NanoMTEB-Spanish
Overview
NanoMTEB-Spanish is a compact Spanish and Spanish-English retrieval group. It covers complex entity-answer QA, Spanish Wikipedia passage retrieval, Spanish consumer-health passage and document retrieval, and product question answering in Spanish-English, English-Spanish, and Spanish-Spanish directions. The group is useful because the target is not always a Spanish paragraph with obvious word overlap: some positives are short entity answers, health passages, or compact product snippets.
The group contains 1,334 queries, 25,262 task-local documents, and 4,806 positive qrel rows. It is multi-positive overall, with MIRACL, Spanish Passage Retrieval, and xPQA contributing multiple relevant documents or snippets per query. This makes the group a good diagnostic for Spanish retrieval systems that need to combine semantic answerability, domain evidence, and cross-lingual product matching.
What This Group Measures
The group measures several Spanish retrieval relations. mintaka_es maps Spanish complex questions to short answer strings or entity names. miracl_es retrieves Spanish Wikipedia passages for information needs. spanish_passage_s2_p retrieves full Spanish health web pages, while spanish_passage_s2_s retrieves shorter answer passages for the same consumer-health setting. The three xPQA tasks retrieve product answer snippets across Spanish-English and monolingual Spanish directions.
This mixture separates lexical Spanish passage retrieval from semantic and cross-lingual retrieval. A model can do well on MIRACL or health pages because query terms overlap with passages, but still fail on product QA where snippets are short and may be in another language. Conversely, a cross-lingual dense model can be strong on xPQA while still needing exact medical terms and entities for health retrieval.
Task Families
- Complex entity-answer retrieval:
mintaka_esretrieves short canonical answers for Spanish complex questions. - Wikipedia retrieval:
miracl_esretrieves Spanish Wikipedia passages. - Consumer-health retrieval:
spanish_passage_s2_pretrieves full pages, andspanish_passage_s2_sretrieves answer passages. - Product QA retrieval:
xpqa_eng_spa,xpqa_spa_eng, andxpqa_spa_sparetrieve compact product answer snippets across Spanish and English.
Dataset Shape
The group has seven task pages. mintaka_es is single-positive, while the other six tasks have multiple positives per query on average. The Spanish Passage Retrieval tasks have the densest relevance sets, with about 5.96 and 7.35 positives per query. miracl_es averages 4.67 positives per query, and the xPQA tasks average about 2.3 to 2.5 positives per query.

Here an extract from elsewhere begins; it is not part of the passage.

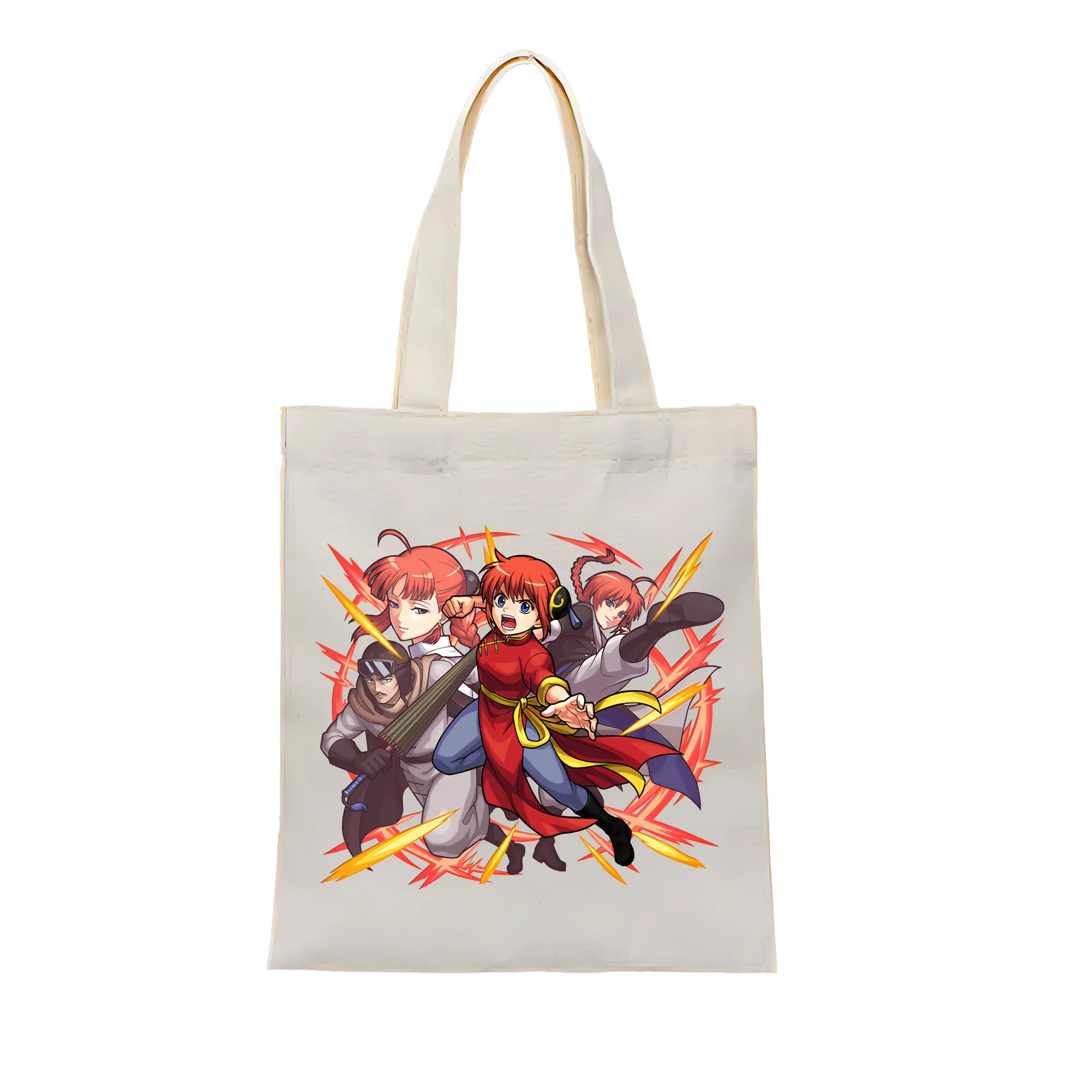 銀魂 グッズ 神楽 - 縦型キャンバス手提げバッグ(トートバッグ) ・ キャンバス素材 ・ ショッピング用 ・ 軽量 丈夫 お手入れ簡単

Document length varies sharply. Mintaka positives are very short answer strings. xPQA snippets are compact product answers. MIRACL uses mid-length Wikipedia passages. The health s2_p split uses long full web pages, while s2_s uses shorter answer passages. The group therefore tests how retrieval systems behave when the target unit changes from entity string to snippet to passage to full page.
Retrieval Behavior
BM25 Profile
BM25 is best only for mintaka_es, where the relevant answer strings often contain names, titles, or entities that can be matched directly when present in the query. BM25 is also reasonably strong on Spanish health retrieval and MIRACL because Spanish queries often share medical terms, entities, or topical words with the relevant pages and passages. spanish_passage_s2_p is a case where BM25 beats dense, reaching 0.5129 nDCG@10.

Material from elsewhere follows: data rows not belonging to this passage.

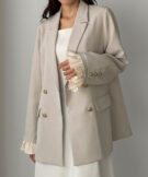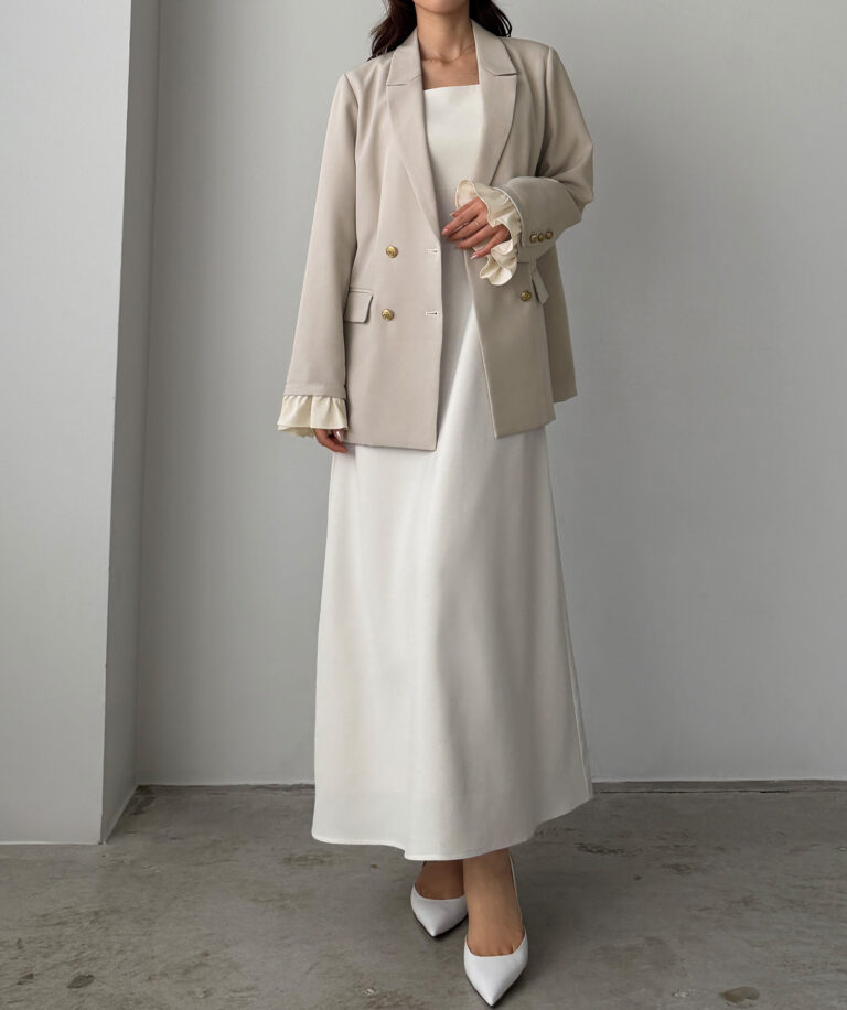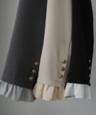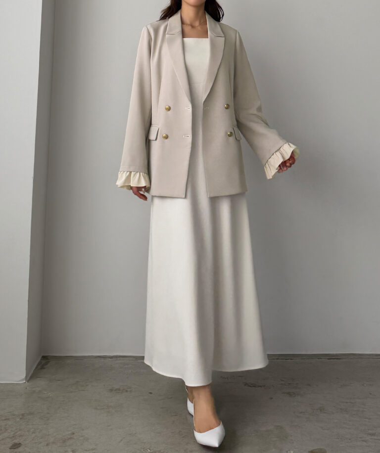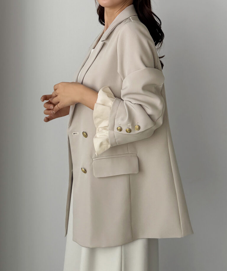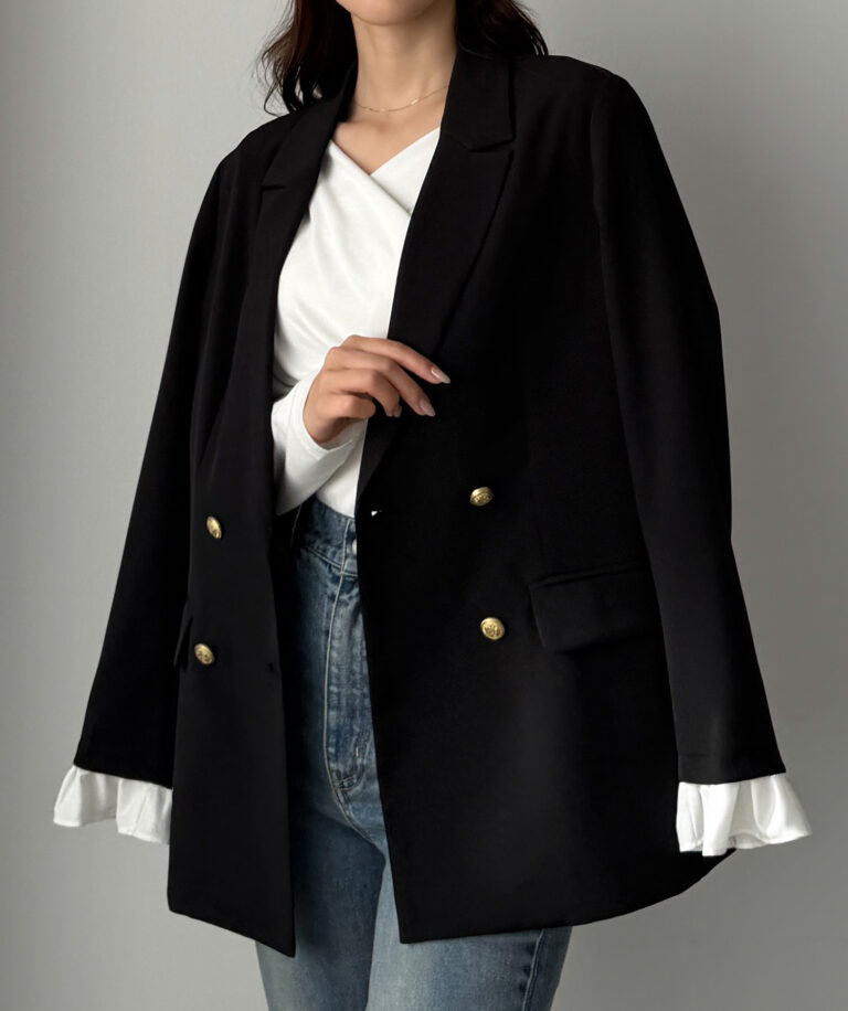 ベーシックなテーラードジャケットの袖口にフリルを施し、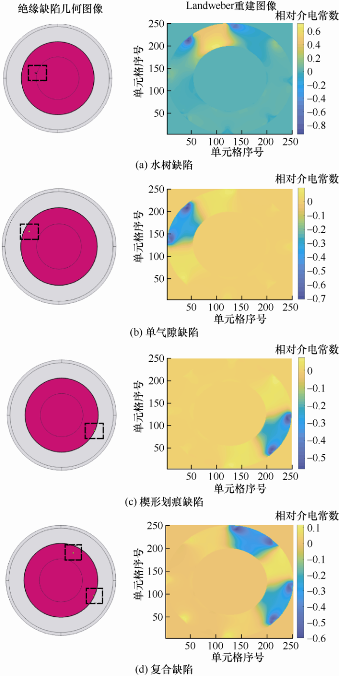 XLPE电缆绝缘缺陷仿真设计了绝缘层的气隙缺陷、水树缺陷、楔形划痕缺陷和复合缺陷共4种典型缺陷,采用Landweber迭代算法重构电缆内部绝缘缺陷的分布图像并分析成像质量。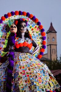 Al mismo tiempo, que las estudiantes del CECADE pintaban a la gente, en la explanada del zócalo se llevaba a cabo la pasarela de catrinas de la Escuela de Belleza “Embellezsrt”, con diseños creativos e innovadores, mientras que al mismo tiempo la gente también disfrutaba de la ofrenda monumental instalada en el Kiosco.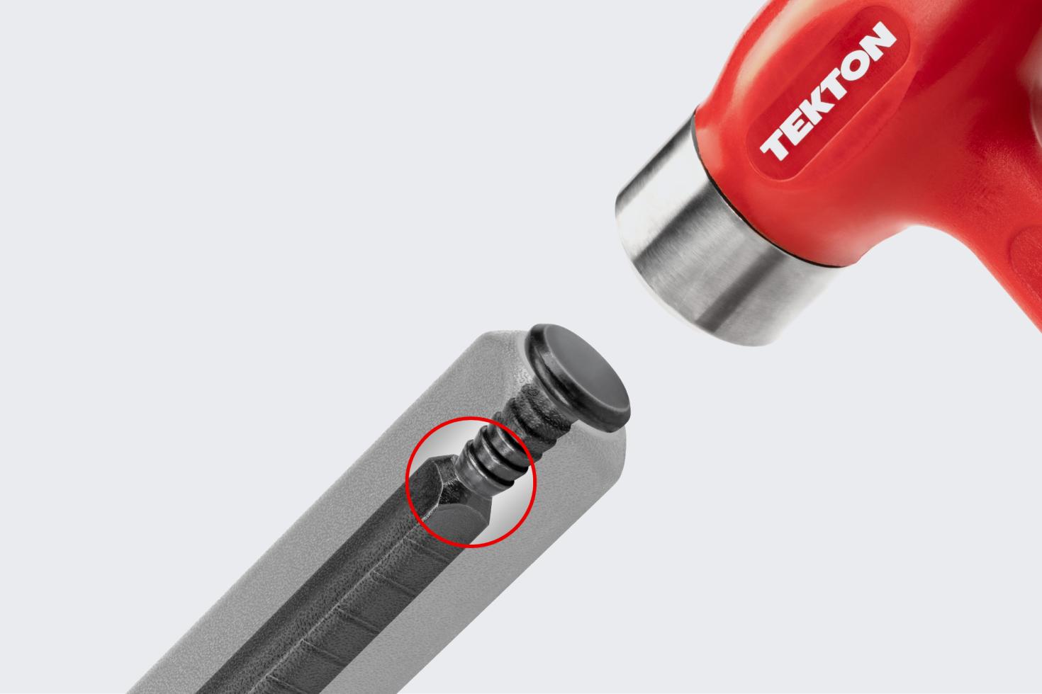 The 1-inch diameter solid steel striking cap is designed to be struck by a hammer. The end of the cap directly contacts the bar stock so that any force you apply is effectively transferred through the tool.

BM25 struggles on cross-lingual product QA. xpqa_eng_spa and xpqa_spa_eng score 0.0986 and 0.1227 nDCG@10, because the question and answer snippets may be in different languages and are too short for sparse overlap to recover many relevant items. At group level, BM25 reaches 0.3599 query-weighted nDCG@10, which is useful but clearly below dense retrieval.
Dense Profile
Dense retrieval with harrier-oss-270m is the strongest query-weighted profile for the group at 0.5100 nDCG@10. It is best for mintaka_es, miracl_es, spanish_passage_s2_s, xpqa_eng_spa, xpqa_spa_eng, and xpqa_spa_spa. The cross-lingual product QA gains are especially large: xpqa_spa_eng rises from 0.1227 BM25 nDCG@10 to 0.4872 dense nDCG@10, and xpqa_eng_spa rises from 0.0986 to 0.3104.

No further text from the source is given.